(Data excerpts Opens)
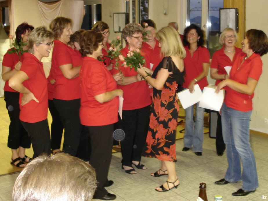 29.06.2007 Geburtstagsfeier Regina Matt Unsere Vorsitzende Gina feierte an diesem Tag ihren runden, 50. Geburtstag. Für uns Sängerinnen und Sänger Anlass, sie mal ordentlich in die Sonne zu stellen. Wir wurden nach allen Regeln der kulinarischen Kunst verwöhnt. Und wir revanchierten uns mit viele Sketche und Beiträge. |
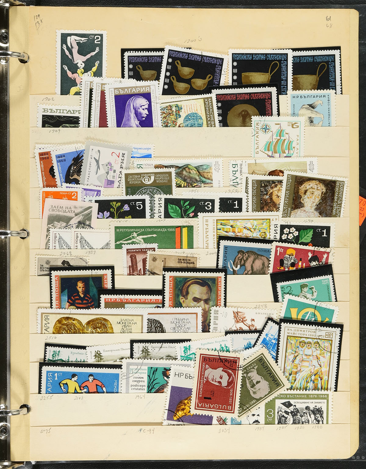 Europe-strong estate balance filling a bankers box. About half of the box is albums, stockbooks and binders with a range of multi-country offerings. The other half has one-country offerings (including a couple of nice albums), with Bulgaria, Romania, Vatican, Bohemia and Moravia. Many of these volumes were once individual bidboard lots, with catalogue values ranging from $150-$400 each, generally 15-20 years. Thousands of stamps here plus some good value amongst the albums. Offered as received. Estimate =
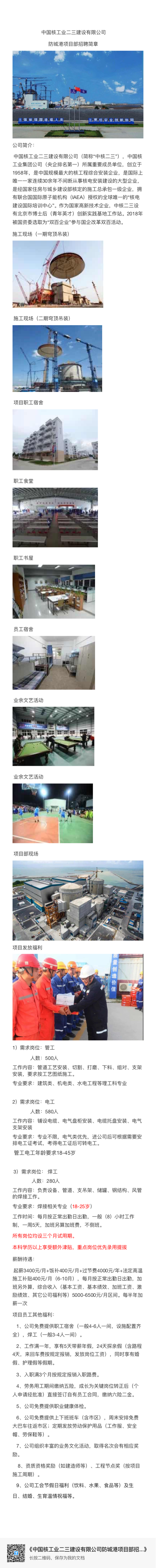 中国核工业二三建设有限公司 防城港项目部招聘简章
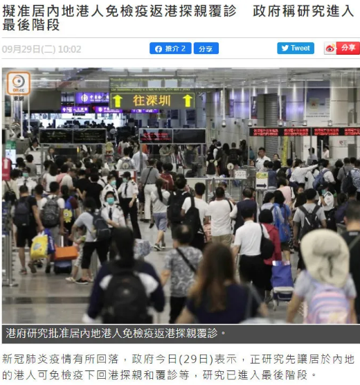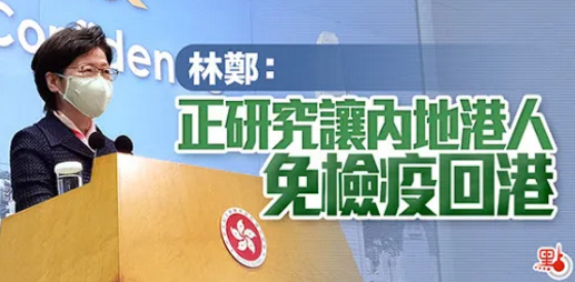 香港特首林鄭月娥指出:政府會逐步恢復中港兩地人員往來,已積極和內地跟進,通過檢測結果可以豁免十四日強制檢疫,希望中港澳三地往還正常化。
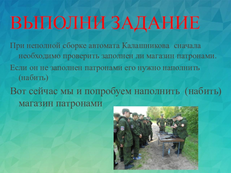 При неполной сборке автомата Калашникова сначала необходимо проверить заполнен
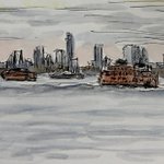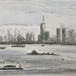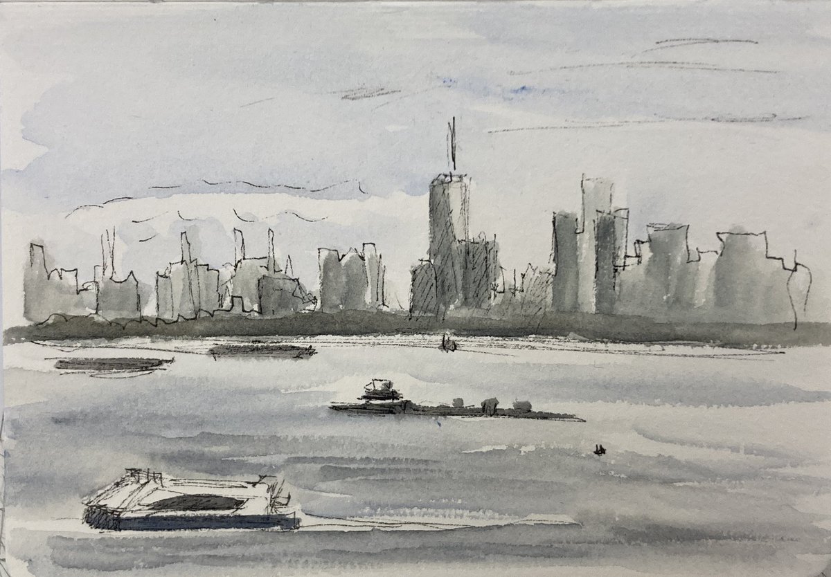View of NY Harbor from the Staten Island Ferry—headed to Manhattan. #art #ink #watercolor #nyharbor #StatenIsland #statenislandferry #ferry
(Data excerpts Closes)
**Required work:** Exactly the lines above, from the one containing "中国核工业二三建设有限公司 防城港项目部招聘简章" down to the one containing "При неполной сборке", are to be repeated, including both ends. Pictures are not part of the copy.

**Reply:**
 中国核工业二三建设有限公司 防城港项目部招聘简章
 香港特首林鄭月娥指出:政府會逐步恢復中港兩地人員往來,已積極和內地跟進,通過檢測結果可以豁免十四日強制檢疫,希望中港澳三地往還正常化。
 При неполной сборке автомата Калашникова сначала необходимо проверить заполнен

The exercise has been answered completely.